Oleh: Abdul Rohman Sukardi
JAKARTA || Bedanews.com – Sebentar lagi Hari Pahlawan: 10 November 2025. Media-media memberitakan ada 40 usulan Pahlawan Nasional. Presiden Ke-2 RI —Presiden Soeharto— ada di dalamnya.
Usulan itu sudah sejak tahun 2010. Ditolak sejumlah pihak oleh sejumlah alasan. Bukan soal kelayakan. Melainkan cerminan gemuruh dialektika bangsa untuk berdamai dengan dirinya sendiri. Dalam menatap masa lalu maupun masa depannya.
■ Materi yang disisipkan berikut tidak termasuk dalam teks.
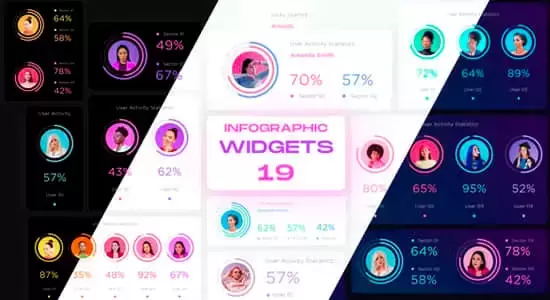 此用户活动信息图片小工具包包含19个不同的信息图片小工具,有3种颜色版本。
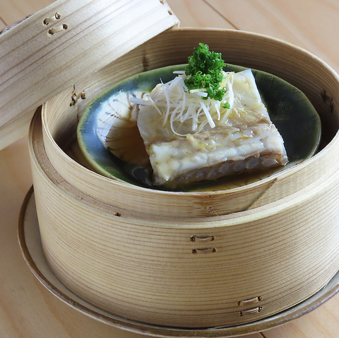 新鮮なふぐの身を、香味野菜とともに蒸しあげ、素材の旨味と香りを最大限に引き出した、上質な逸品。油や辛さに頼らず、「蒸し」で魅せるふぐの真骨頂。
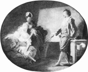 Plongeons-nous encore dans le XVIIIème siècle, mais dans son aspect léger, voluptueux et un tantinet libertin. D’autres noms que Fragonard nous viennent à l’esprit, des peintres, des littérateurs aussi, mais revenons à notre jeune et pudique – trop pudique – modèle.
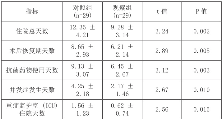 2.2 住院时间观察组患者的住院时间明显短于对照组(P<0.05)。见表2。表2 :住院时间
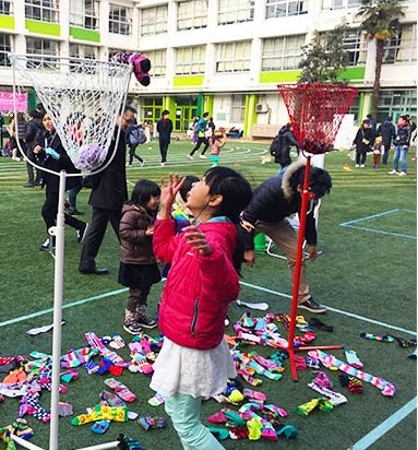 くつしたまいれ…カラフルな靴下を使った玉入れ
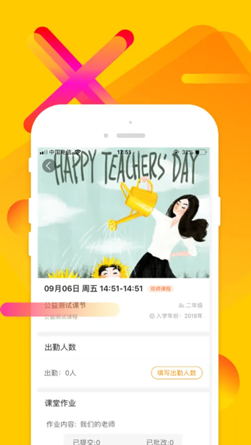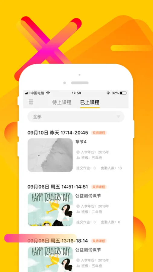 公益学校的老师可以通过登陆X美院公益版APP进行课程信息的查看、出勤信息的提交、课程作业的提交、以及学校对上课请假申请的提交。
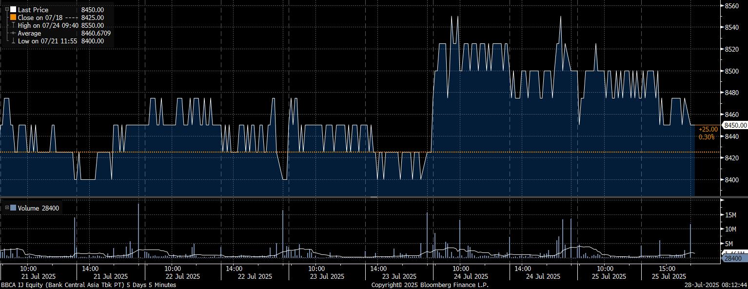 Berikut 5 saham dengan angka net buy tertinggi oleh investor asing sepanjang perdagangan sepekan 21 – 25 Juli 2025:
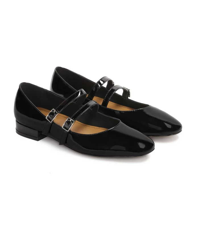 Черные туфли-лодочки на плоской подошве на невысоком каблуке – элегантная и классическая обувь, сочетающая в себе шик и комфорт. Изготовленные из высококачественной лакированной кожи, они имеют глянцевую поверхность, придающую изделию изысканный вид. Эти туфли идеально подходят как для официальных мероприятий, так и для повседневного стиля. Модель Mary Jane имеет два фирменных ремешка, застегивающихся на пряжки. Эти ремни не только выполняют декоративную функцию, но также обеспечивают лучшую посадку и устойчивость стопы. Благодаря этому туфли-лодочки удобны и надежно сидят на ноге. Черные лаковые туфли – это сочетание классической элегантности и практичности, идеальное решение для женщин, которые хотят выглядеть стильно, не жертвуя при этом комфортом. Подкладка из мягкой полуанилиновой овчины, отличающейся отличным впитыванием влаги, гарантирует высокий уровень комфорта. Подошва из тунисской кожи гарантирует долговечность, прочность и эстетичный внешний вид обуви.
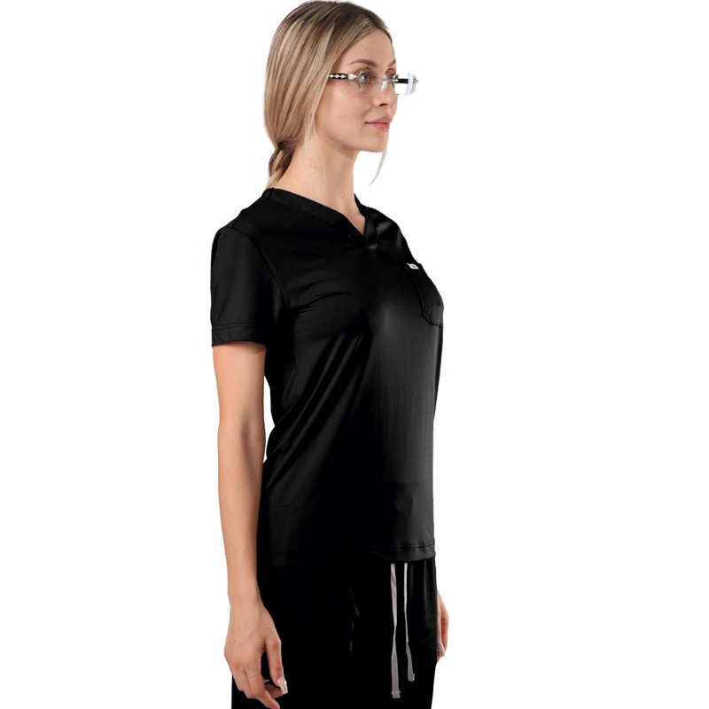 Mediero Scrub Tops for Medical Women, Soft Stretch V-Neck Scrub Top, Wrinkle-Resistant Fabric with Chest Pocket Black
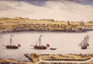 Vestaravág í Havn um 1784. Tvey bretsk deksfør liggja fyri teymi, og triðja kastar akker. Tey eru komin eftir marglætisvørum at flyta tollfríar til Stóra Bretlands. Úti á Rundingi hava vágsbotnsmenn lagt ríðingarbreyt at ríða á í fríløtum
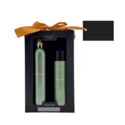 Zestaw kosmetyków Tenderness TREATMENTS, przeznaczony dla kobiet i mężczyzn, w zestawie znajduje się: pieniący się żel pod prysznic 200 ml, balsam do ciała 250 ml, elegancki, papierowy kartonik, w którym zapakowane są kosmetyki, sprawdzą się w codziennej pielęgnacji, dostępne są różne warianty zapachowe: 03 – Ceylon, 06 – Mahayana, 08 – Omani, 11 – Uyuni, 16 – Zhejinag, 19 – Shinshiro, 21 – Verona, 98 – Samoa. Znakowanie produktu jest możliwe tylko na srebrnej lub złotej folii z czarnym nadrukiem albo na czarnej apli ze srebrnym lub złotym nadrukiem.
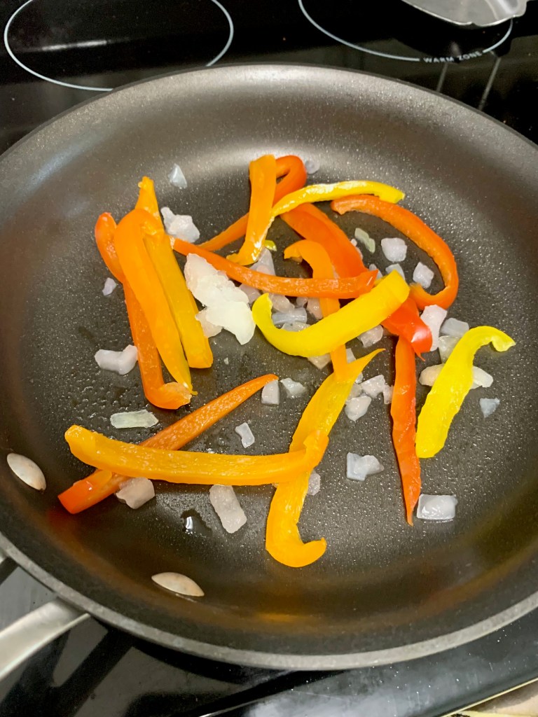 I started off sautéing 1/4 of two different bell peppers and chopped onion with olive oil in a skillet.

Mari kita cermati soal itu dari berbagai perspektif.
Setiap bangsa memiliki masa lalu yang kadang sulit dirangkul sepenuhnya. Masa di mana kekuasaan berbaur dengan kekerasan, ketakutan, dan pengorbanan. Namun, sejarah bukan sekadar kumpulan catatan hitam-putih. Sejarah adalah ruang pemahaman.
Dalam konteks Indonesia, nama Presiden Soeharto menjadi ujian besar kedewasaan bangsa dalam menghadapi sejarahnya sendiri. Pertanyaannya bukan lagi sekadar apakah ia layak menjadi pahlawan nasional. Tetapi apakah bangsa ini siap berdamai dengan sosok yang pernah menyelamatkan, sekaligus (dianggap) menakutkan sejumlah pihak itu.